Synergistic Intermetallic Effect on the Sulfurization of the NiWMo/Al2O3 Catalyst to Enhance the Hydrodesulfurization Performance

Abstract

The trimetallic NiWMo catalyst exhibits higher hydrodesulfurization activity compared with the bimetallic NiMo(W) catalyst. However, the nonsynchronous sulfurization of Mo and W during sulfurization leads to either an increase in slab size or incomplete sulfurization. This limitation hinders further improvement of the NiMoW catalyst’s performance. Therefore, it is essential to investigate factors influencing the sulfurization process of the trimetallic NiWMo catalyst, achieving synchronous sulfurization of Mo and W. Herein, the trimetallic NiWMo/Al₂O₃ catalyst is prepared by the impregnation method.

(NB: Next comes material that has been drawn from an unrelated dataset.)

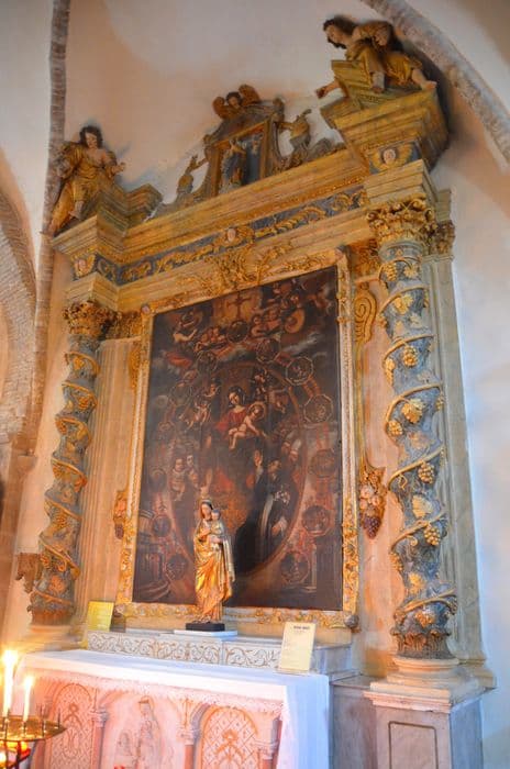 Treize mystères en tout, figurant dans des médaillons octogonaux fixé à un Rosaire à double rangée de perles entourant le médaillon central. Deux médaillons ont peut-être disparu dans la partie inférieure, lors d'un réajustement de la toile dans son encadrement au 17e siècle.
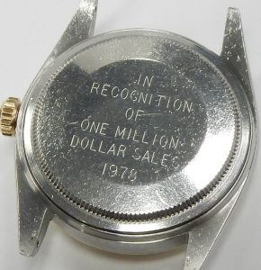 A million dollars is a lot of money, but it was a whole lot more significant 47 years ago. In the late 70s a million dollars would have bought 10 really nice houses in Barrie. Included with the purchase is a one-year Bill Le Boeuf Jewellers warranty and a never worn Hirsch brown leather strap (the watch does not come with an original Rolex bracelet). The engraving on the case back can easily be removed but we like to keep these collectible watches original as it’s part of their story. Rolex still manufacture a 36mm Datejust that looks almost identical to this one on a gold and stainless steel bracelet. The current version of this iconic watch 126233 carries a retail price of $18,200.00 at your local Rolex boutique. Our late 1970s vintage example is estate priced at $6,000.00 CAD. Stock #505-00630.

During sulfurization, the interaction between additive Ni with main metals W and Mo reduces the sulfurization temperature while increasing the degree of sulfurization for the main metals. Additionally, the interaction between W and Mo reduces the sulfurization temperature difference. As a result, the highest sulfurization rates for Ni, Mo, and W are observed within 290–375 °C, where close contact between Mo and W species inhibits unrestricted growth of Mo(W)S₂ slab length and forms a Ni–Mo–W–S active phase. Consequently, the Mo(W)S₂ lamella exhibits a higher stacking number and reduced slab length, which results in increased exposure to edges where Ni–Mo–W–S is present and an enhanced number of active sites on the catalyst. This enables higher hydrodesulfurization activity for NiWMo/Al₂O₃ and the 4,6-dimethyl-2-benzothiophene conversion reaches 100% at 320 °C.